**What to work on**
The entire listing below is to be written out exactly, minus the pictures.

**Stored data**

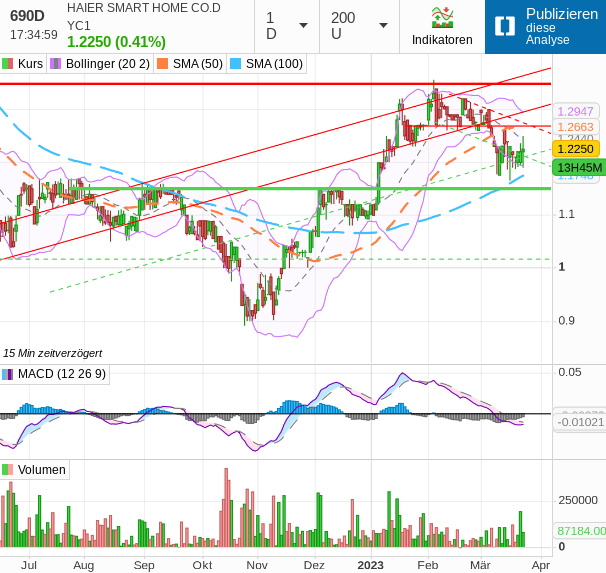 zwischen beobachtung und analyse des charts der Haier Smart Home D -aktie besteht ein wesentlicher (nicht nur sprachlicher) unterschied; das zeigt zB die seite der onvista bank: "Haier Smart Home D Chart", https://www.onvista.de/aktien/chart/HAIER-SMART-HOME-CO-LTD-Aktie-CNE1000031C1, auf der ca. hundert (überflüssige) "Indikatoren" für die chartanalyse der Haier-D-aktie verfügbar sind
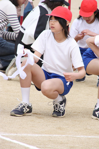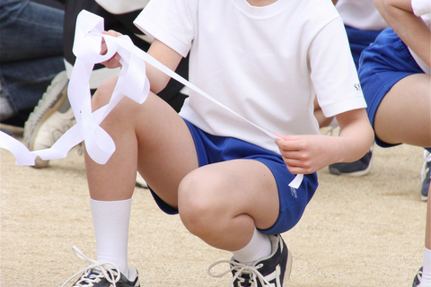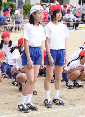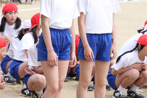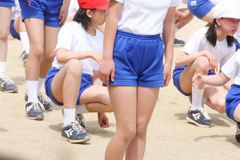 シンプルな白一色の体操着に青一色の短パンの組み合わせ。
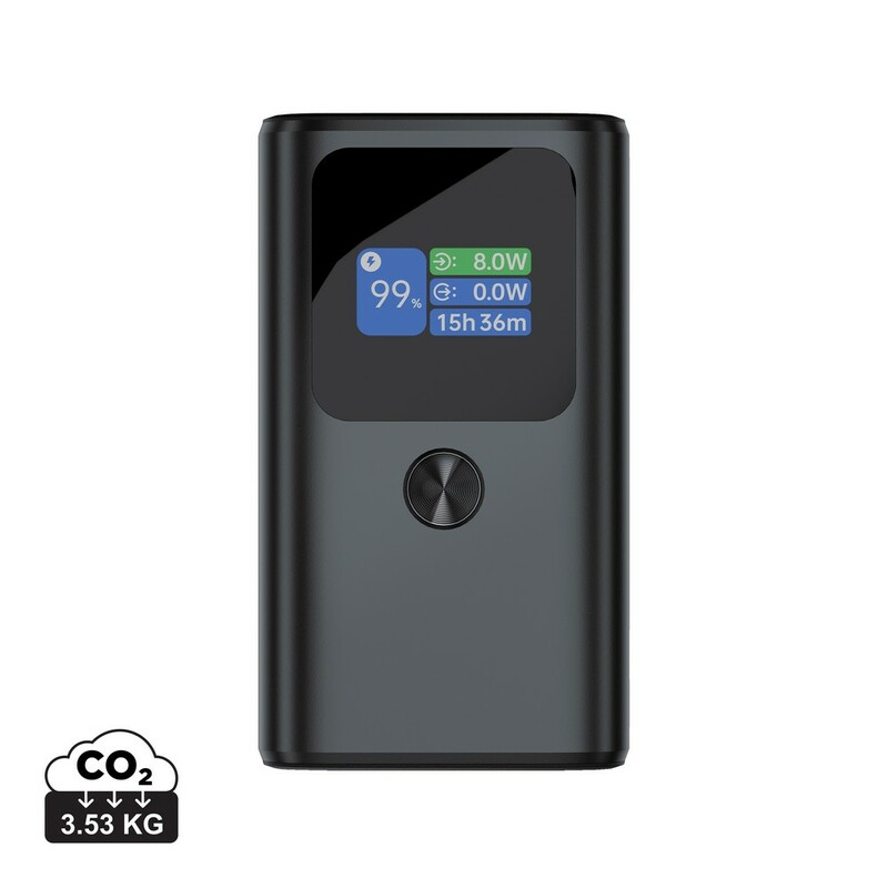 Power bank 10000 mAh, posiada kolorowy wyświetlacz TFT pokazujący poziom naładowania, prędkość ładowania, ilość cykli ładowania, stoper, moc ładowania do 55W, trzy porty wyjściowe, 2 x USB-C i USB-A, wykonany z aluminium z recyklingu
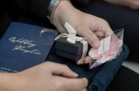 ブルービジューチャペルにて人前式がスタート。お母様にベールダウンをしていただき、お父様と一緒にご新郎様のもとへ。指輪交換では、受付の際ににゲストが受け取った小さい箱を一斉にオープン!中に指輪の入っていたゲストがお二人のもとへ指輪を運んでいただく「サプライズリングセレモニー」というゲスト参加型の演出を行いました♪誓いのお手伝いが出来て誇らしい気持ちになりますね!

**Task output**
 zwischen beobachtung und analyse des charts der Haier Smart Home D -aktie besteht ein wesentlicher (nicht nur sprachlicher) unterschied; das zeigt zB die seite der onvista bank: "Haier Smart Home D Chart", https://www.onvista.de/aktien/chart/HAIER-SMART-HOME-CO-LTD-Aktie-CNE1000031C1, auf der ca. hundert (überflüssige) "Indikatoren" für die chartanalyse der Haier-D-aktie verfügbar sind
 シンプルな白一色の体操着に青一色の短パンの組み合わせ。
 Power bank 10000 mAh, posiada kolorowy wyświetlacz TFT pokazujący poziom naładowania, prędkość ładowania, ilość cykli ładowania, stoper, moc ładowania do 55W, trzy porty wyjściowe, 2 x USB-C i USB-A, wykonany z aluminium z recyklingu
 ブルービジューチャペルにて人前式がスタート。お母様にベールダウンをしていただき、お父様と一緒にご新郎様のもとへ。指輪交換では、受付の際ににゲストが受け取った小さい箱を一斉にオープン!中に指輪の入っていたゲストがお二人のもとへ指輪を運んでいただく「サプライズリングセレモニー」というゲスト参加型の演出を行いました♪誓いのお手伝いが出来て誇らしい気持ちになりますね!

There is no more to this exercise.